Here's a nested for loop (using sapply()
). Note I did not have the same dataset as you so there's a different seed.
set.seed(123)
mat <- matrix(sample(c(0,1), 225, prob=c(0.8,0.2), replace=TRUE), nrow=15)
n_by_n <- 3L
reg_diag <- diag(n_by_n)
rev_diag <- reg_diag[nrow(reg_diag):1, ]
sum(
sapply(seq_len(ncol(mat)- n_by_n + 1),
function(col) {
sapply(seq_len(nrow(mat) - n_by_n + 1),
function(row) {
tmp <- mat[row:(row + n_by_n - 1), col:(col + n_by_n - 1)]

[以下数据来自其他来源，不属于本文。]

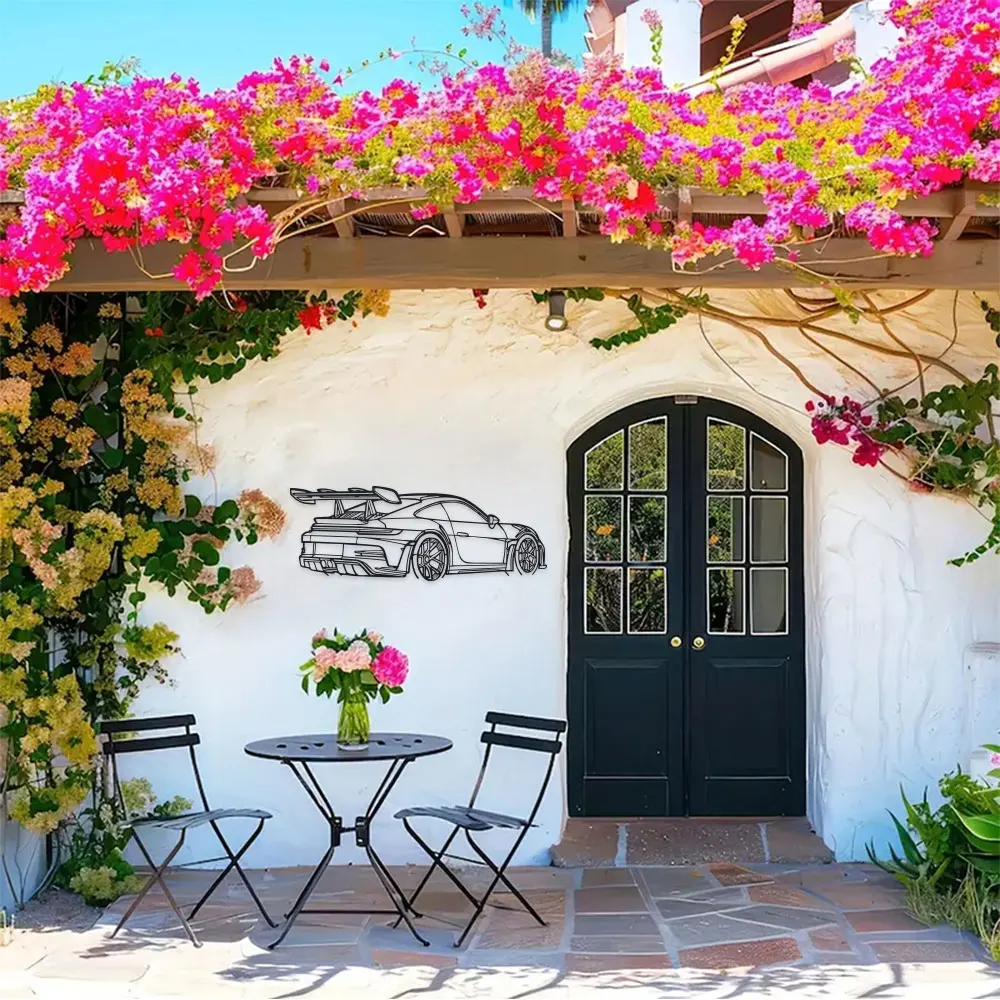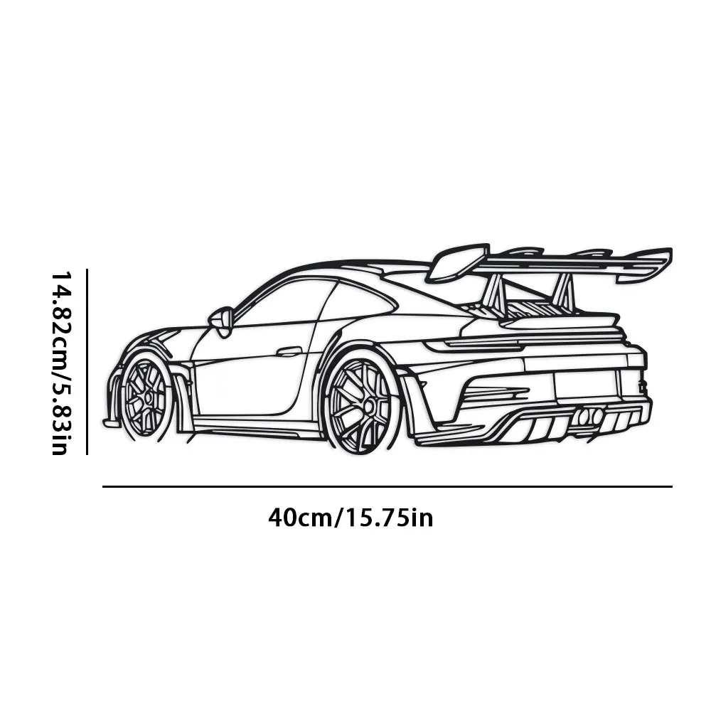 Add a touch of modern elegance to your space with this Minimalist Sports Car Metal Wall Art. Crafted from premium black metal, it features a sleek sports car silhouette with a detailed spoiler and exhaust pipes — perfect for car lovers and design enthusiasts alike.

all(tmp == reg_diag) | all(tmp == rev_diag)
})
})
)
#[1] 1
如果您只对角线感兴趣,而不关心子矩阵中的其他值,则会按每个对角线拆分矩阵,然后计算滚动总和以查看它们的总和是否为3:
If you are only interested in diagonals and do not care about the other values in a submatrix, this splits the matrix by each diagonal and then calculated a rolling sum to see if they sum up to 3:
library(RcppRoll)
set.seed(99)
mat <- matrix(sample(c(0,1), 225, prob=c(0.8,0.2), replace=TRUE), nrow=15)
n_by_n <- 3
diags <- row(mat)- col(mat)
cross_diags <- row(mat) + col(mat)
#could use data.table::frollsum instead of RcppRoll::roll_sumr)
sum(unlist(lapply(split(mat, diags), RcppRoll::roll_sumr, n_by_n), use.names = F) == n_by_n, na.rm = T)
#[1] 1
sum(unlist(lapply(split(mat, cross_diags), RcppRoll::roll_sumr, n_by_n), use.names = F) == n_by_n, na.rm = T)
# [1] 3
一个完整的基本方法是:
A complete base approach would be:
base_rollr <- function(x, roll) {
#from user @flodel
if (length(x) >= roll) tail(cumsum(x) - cumsum(c(rep(0, roll), head(x, -roll))), -roll + 1)
}
sum(unlist(lapply(split(mat, cross_diags), base_rollr, n_by_n), use.names = F) == n_by_n, na.rm = T)
另请参阅:从矩阵中获取所有对角矢量
并且: R/a向量中的连续/滚动和
这篇关于试图在15x15二进制矩阵中找到每个3x3瓦片中对角线1的数量?的文章就介绍到这了,希望我们推荐的答案对大家有所帮助,也希望大家多多支持IT屋!